Former Environment Secretary Owen Paterson will claim in a speech on Wednesday that maintaining the current climate goals for 2050 will “fail to keep the lights on” in Britain.
In a speech to the Global Warming Policy Foundation, Paterson is expected to say that the current climate change predictions are “widely exaggerated” and that to “blindly” follow the current economic plan would require unsustainable levels of investment.
The current climate goals, outlined in 2008, enforce an 80 percent decrease in carbon dioxide emissions by 2050. Paterson believes this cannot be achieved without significant investment. He will urge the UK government to abandon the plan.
The Conservative MP, who was replaced as Environment Secretary by Liz Truss in the July Cabinet reshuffle, questions the scientific evidence surrounding climate change and describes the levels of warming linked to carbon dioxide as “uncertain.”

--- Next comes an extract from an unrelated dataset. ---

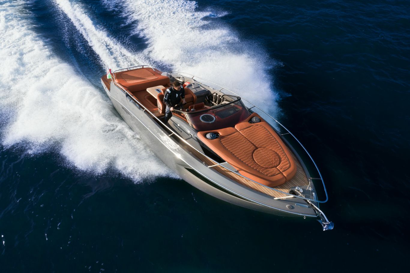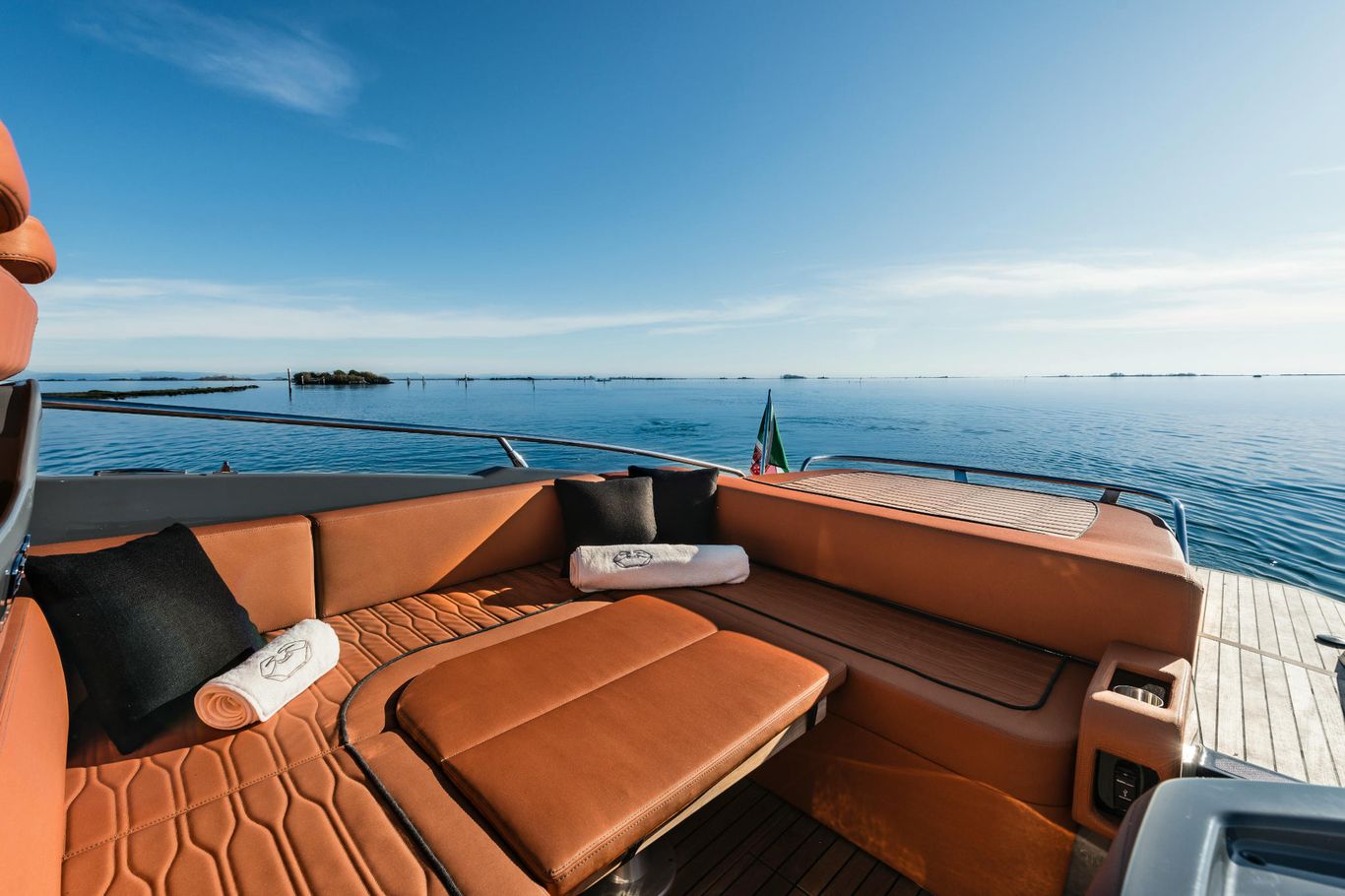 The sun decks on either side of the boat have also been redesigned, and made more comfortable, also thanks to the added cup holders and integrated loudspeakers. The table used for the large C-shaped sofa in the cockpit can be lowered thanks to an hydraulic servomechanism, to transform the seating area into another sun deck which is protected from the edges to make it extra safe, especially for children.

This latest speech makes him the most senior politician to openly criticize the government’s economic policies.
Over the past 35 years, the climate has changed “nothing like as fast” as it was predicted, Patterson will say, claiming the current government strategy will see the lights go out “within a generation.”
Some of the claims laid out in his speech, however, have been refuted by Richard Black, the Director of ECIU (Energy and Climate Intelligence Unit).
However, Black claims there is narrowing headroom between peak demand and peak supply, “none of the major players in the field – DECC, the National Grid, Ofgem – believe the lights are about to go out.”
Black further states ministers would be unable to simply suspend work on the current climate goals. He claims there is no simple get-out clause.
The only way in which ministers could amend the emission reduction target is if “there have been significant developments in scientific knowledge about climate change, or European or international law or policy, that make it appropriate to do so.”
This isn’t the first time Paterson has courted controversy. Previous policies as Environment Secretary earned him a reputation as a “pro-hunting, pro-badger cull, anti-wind, pro-fracking” minister, who remained a staunch climate skeptic.
His removal from office was gladly received by Friends of the Earth, who called him “the worst Environment Secretary the UK has had in decades.”
Whilst the Conservative Party have been known to host climate skeptics, such as Nigel Lawson and Peter Lilley, the speech from Paterson goes against the climate plans laid out by Prime Minister David Cameron during the UN Climate Summit in September.
Cameron announced that “climate change is one of the most serious threats facing our world.” He added that “it is not just a threat to the environment. It is also a threat to our national security, to global security, to poverty eradication and to economic prosperity.”